[Exercise aim] Nothing but the images should be left out when the entries are restated word for word.

= = = =

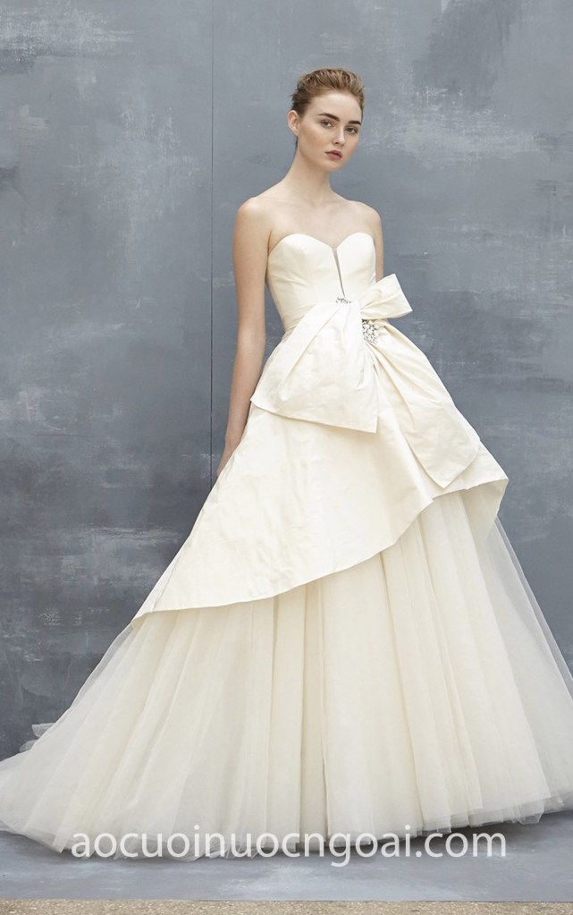 ÁO CƯỚI CÔNG CHÚA CÚP NGỰC PHỐI NHIỀU CHẤT LIỆU NN7130
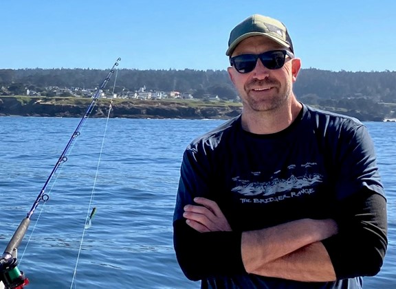 Further south, I took a picture of Jeff with Mendocino behind him:
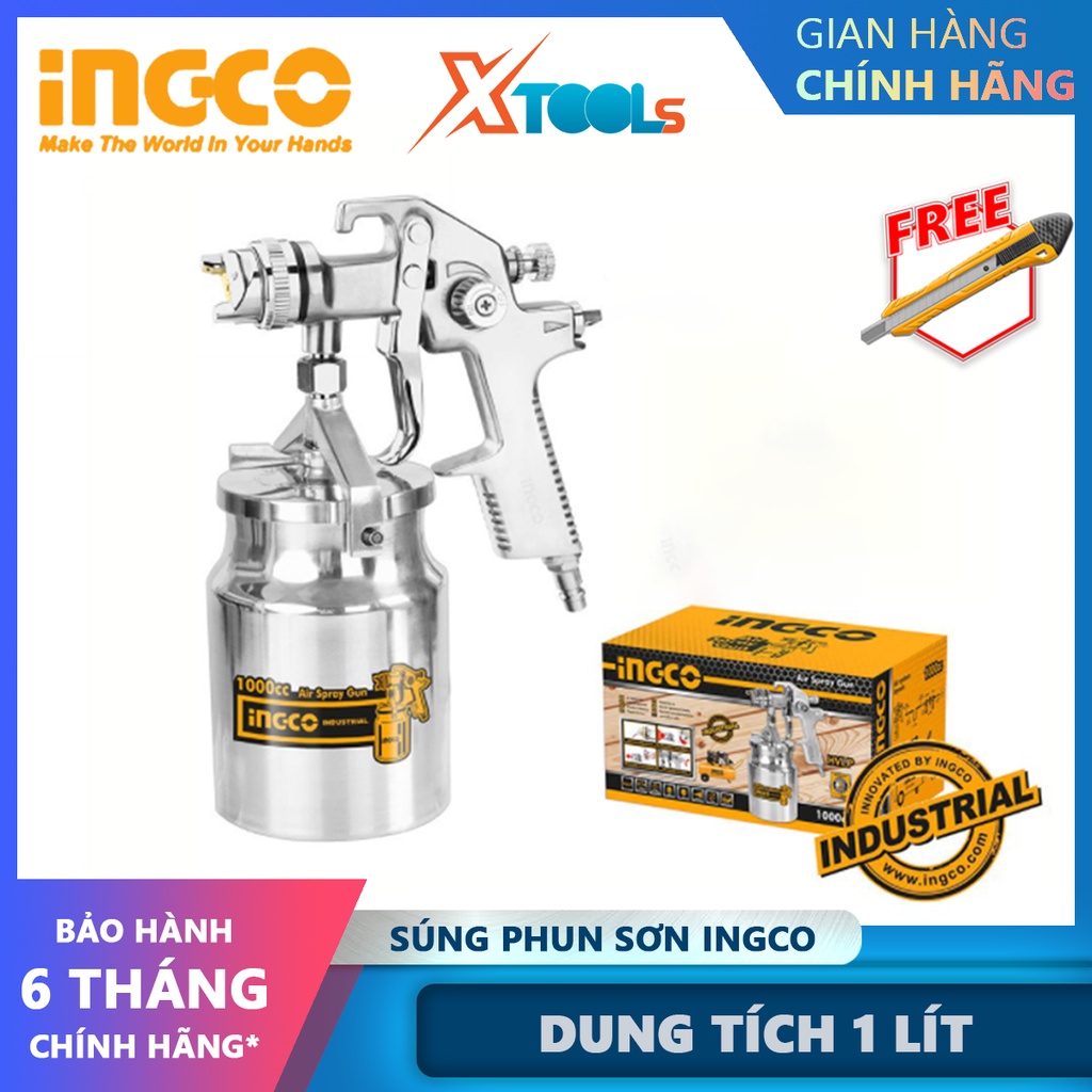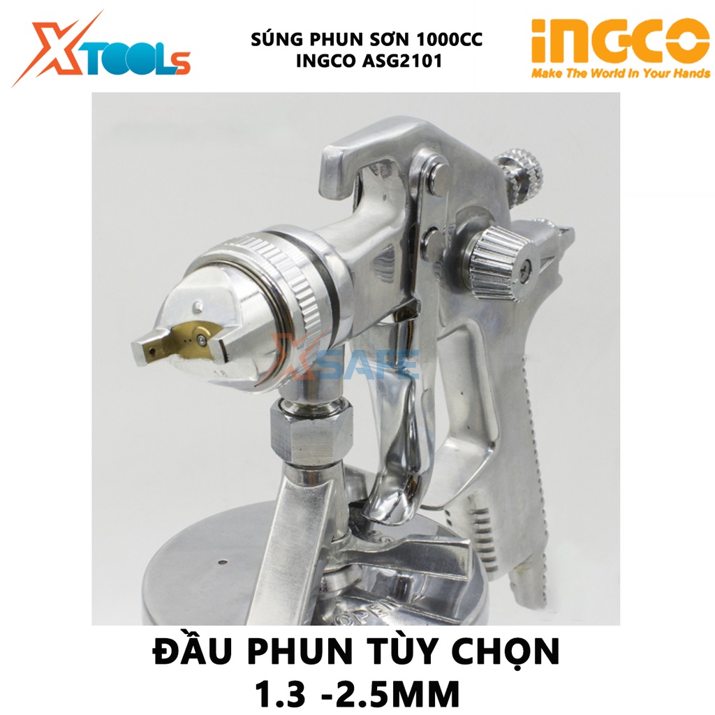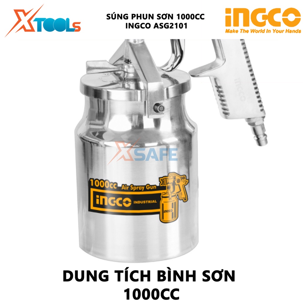 Súng phun sơn INGCO ASG2101 | máy phun sơn Đầu phun tiêu chuẩn 1.4mm, Dung tích bình sơn 1000cc phun sơn gỗ, sơn ô tô, n
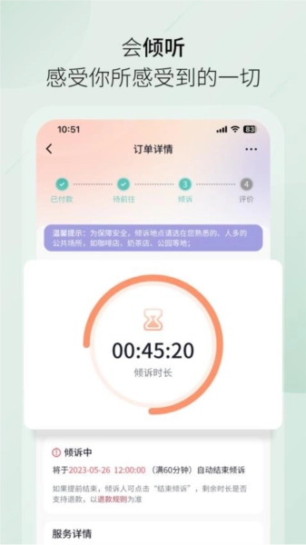 1、专业心理咨询:配备专业心理咨询师提供在线沟通服务,您可随时通过文字、语音、视频等多种方式与咨询师交流。
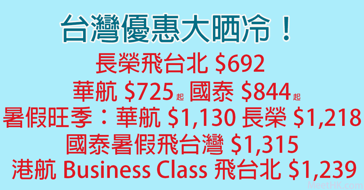 台灣優惠大晒冷!長榮飛台北$692,華航飛台灣$725起,國泰飛台灣$844,華航暑假飛台灣$1,130,長榮暑假飛台北$1,218,國泰暑假飛台灣$1,315;港航Business Class飛台北$1,239 – Wefly.com.hk (優惠至3月25日)
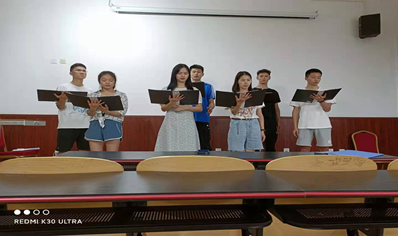 此次活动从4月30日开始进行策划,5月5日制定节目单,5月8日开始排练,总共分为5支队伍,研究生一支部的33名党员同志以三个党小组为单位分为三支队伍,17名积极分子组成一支队伍,18名入党申请人组成一支队伍。所有同志为了呈现出更好的节目效果,在有限的时间里加紧排练。
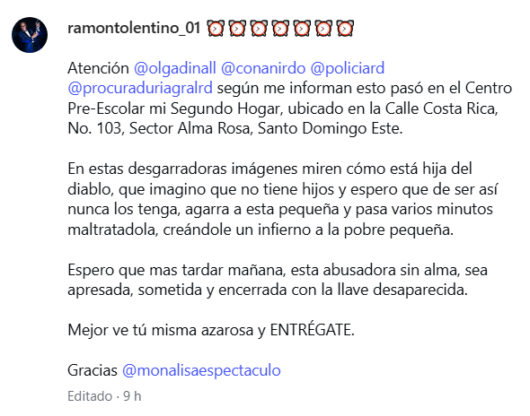 En su cuenta @ramontolentino_01, el comunicador etiquetó directamente a las autoridades @olgadinall, @conanirdo, @policiard y @procuraduriagralrd solicitando intervención inmediata en el caso denunciado.
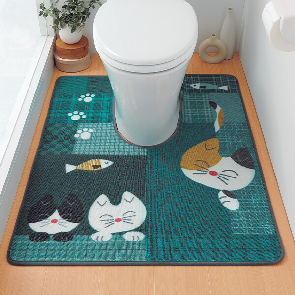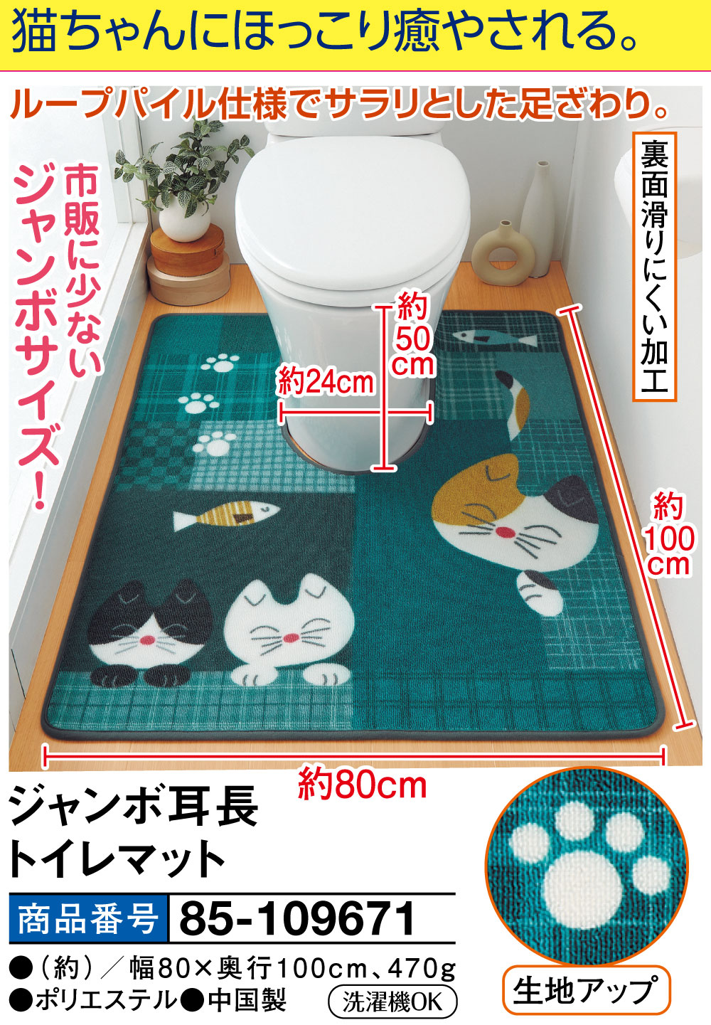 猫ちゃんにほっこり癒やされるジャンボサイズのトイレマット! ループパイル仕様でサラリとした足ざわり。 市販に少ないジャンボサイズ! 裏面滑りにくい加工
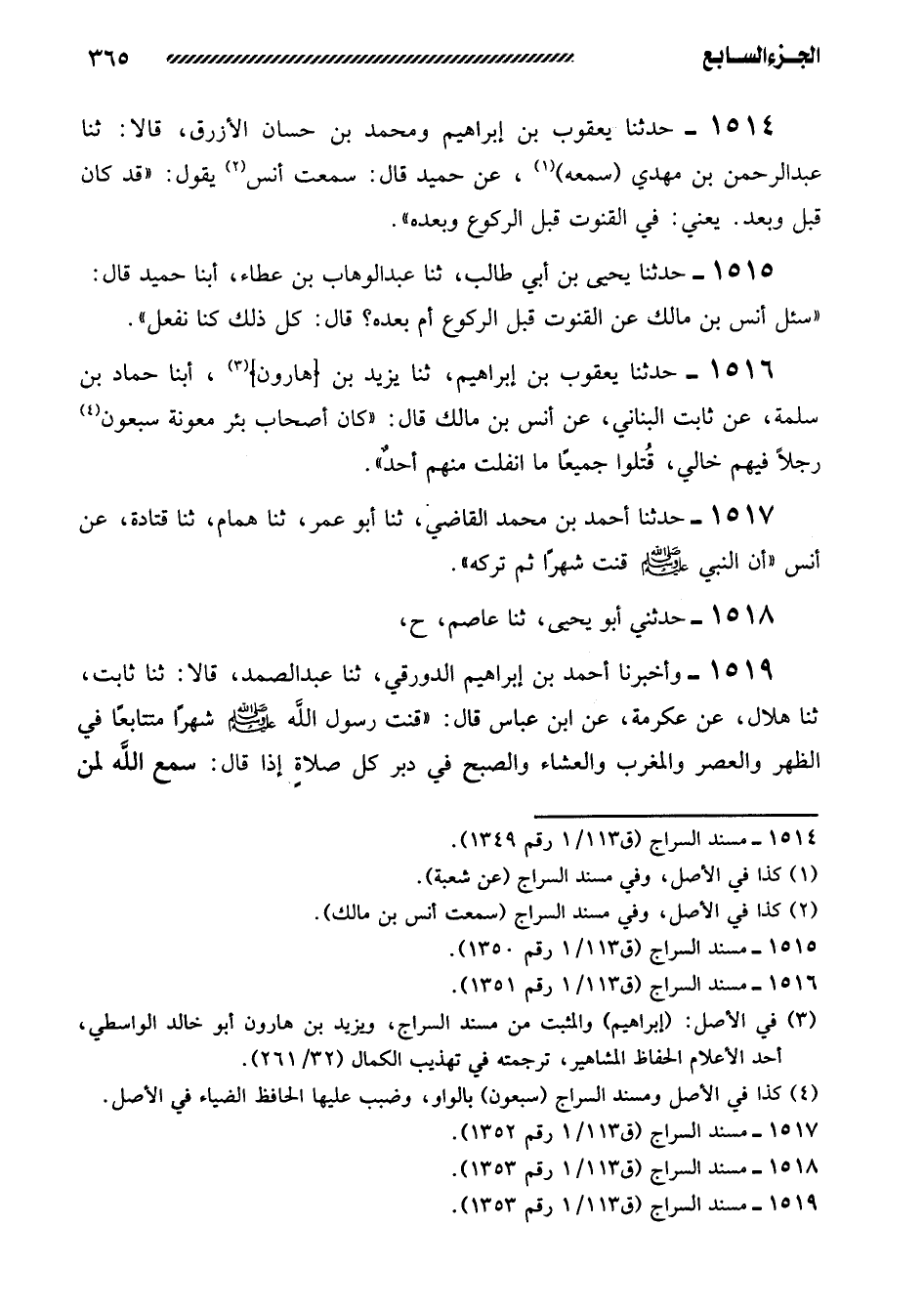 1514- حَدَّثَنَا يَعْقُوبُ بْنُ إِبْرَاهِيمَ وَمُحَمَّدُ بْنُ حَسَّانٍ الأَزْرَقُ، قَالا: ثنا عَبْدُ الرَّحْمَنِ بْنُ مَهْدِيٍّ (سمعه) ، عن حميد قال: سمعت أنس يَقُولُ: ((قَدْ كَانَ قَبْلُ وَبَعْدُ. يَعْنِي: فِي الْقُنُوتِ قَبْلَ الرُّكُوعِ وَبَعْدَهُ)) .

= = = =

[Answer to this task]
 ÁO CƯỚI CÔNG CHÚA CÚP NGỰC PHỐI NHIỀU CHẤT LIỆU NN7130
 Further south, I took a picture of Jeff with Mendocino behind him:
 Súng phun sơn INGCO ASG2101 | máy phun sơn Đầu phun tiêu chuẩn 1.4mm, Dung tích bình sơn 1000cc phun sơn gỗ, sơn ô tô, n
 1、专业心理咨询:配备专业心理咨询师提供在线沟通服务,您可随时通过文字、语音、视频等多种方式与咨询师交流。
 台灣優惠大晒冷!長榮飛台北$692,華航飛台灣$725起,國泰飛台灣$844,華航暑假飛台灣$1,130,長榮暑假飛台北$1,218,國泰暑假飛台灣$1,315;港航Business Class飛台北$1,239 – Wefly.com.hk (優惠至3月25日)
 此次活动从4月30日开始进行策划,5月5日制定节目单,5月8日开始排练,总共分为5支队伍,研究生一支部的33名党员同志以三个党小组为单位分为三支队伍,17名积极分子组成一支队伍,18名入党申请人组成一支队伍。所有同志为了呈现出更好的节目效果,在有限的时间里加紧排练。
 En su cuenta @ramontolentino_01, el comunicador etiquetó directamente a las autoridades @olgadinall, @conanirdo, @policiard y @procuraduriagralrd solicitando intervención inmediata en el caso denunciado.
 猫ちゃんにほっこり癒やされるジャンボサイズのトイレマット! ループパイル仕様でサラリとした足ざわり。 市販に少ないジャンボサイズ! 裏面滑りにくい加工
 1514- حَدَّثَنَا يَعْقُوبُ بْنُ إِبْرَاهِيمَ وَمُحَمَّدُ بْنُ حَسَّانٍ الأَزْرَقُ، قَالا: ثنا عَبْدُ الرَّحْمَنِ بْنُ مَهْدِيٍّ (سمعه) ، عن حميد قال: سمعت أنس يَقُولُ: ((قَدْ كَانَ قَبْلُ وَبَعْدُ. يَعْنِي: فِي الْقُنُوتِ قَبْلَ الرُّكُوعِ وَبَعْدَهُ)) .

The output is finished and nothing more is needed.